Ten albums into an already acclaimed career, Stephen Simmons sharpens his rootsy folk-rock with A World Without, a record that mixes the twang of country music — a genre that provided the soundtrack for his childhood in small-town Tennessee — with the sharp observations of a singer/songwriter and the stomp of rural, roadhouse rock & roll.
A road warrior with an audience on both sides of the Atlantic, Simmons has spent most of his adulthood on stage, playing songs in ten different countries along the way. Recorded with members of his touring band, A World Without explores a life lived on the run, taking a look at the intersection between art, commerce, love, and travel. The songs are equal parts biography and fiction, with Simmons shining a light on those who travel and create for a living. There are tracks about Americans crossing the country during the Gold Rush, about puritans making a voyage overseas, about lovers becoming parents, and about Simmons himself.

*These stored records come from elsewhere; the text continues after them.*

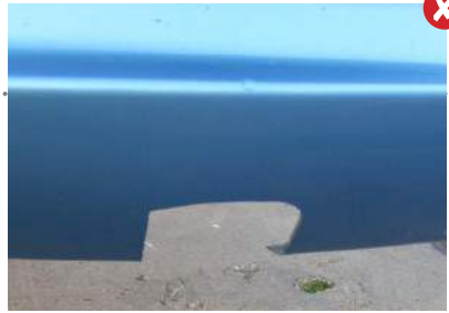
Schade door verwijderen accessoires

Schade als gevolg van het verwijderen van eigen accessoires is niet acceptabel.
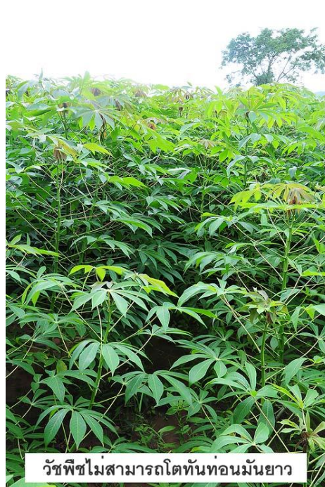
วัชพืชไม่สามารถโตทันท่อนมันยาว
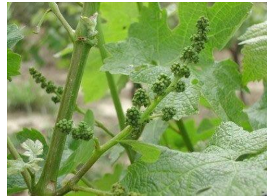
Stade « boutons floraux séparés » (stade 17 ou H ou BBCH 57)

Les stades majoritairement observés vont de « boutons floraux séparés » (stade 17 ou H ou BBCH 57) à « tout début de la floraison, chute des capuchons floraux » (stade 19 ou BBCH 61).

A World Without also features harmony vocals from his father, uncle, and sister, a move that allows Simmons to pay tribute to the family members who’ve inspired his career. It’s an album that hits close to home in more ways than one. Contributions from his longtime band members — including keyboardist Molly Jewell, guitarist Dave Coleman, pedal steel guitarist Alex McCullough, drummer Tim Blankenship, bassist Duane Blevins and producer/utility player Eric Fritsch — provide the backdrop for Simmons’ voice, an alt-country croon inspired by everyone from Don Williams to Bruce Springsteen.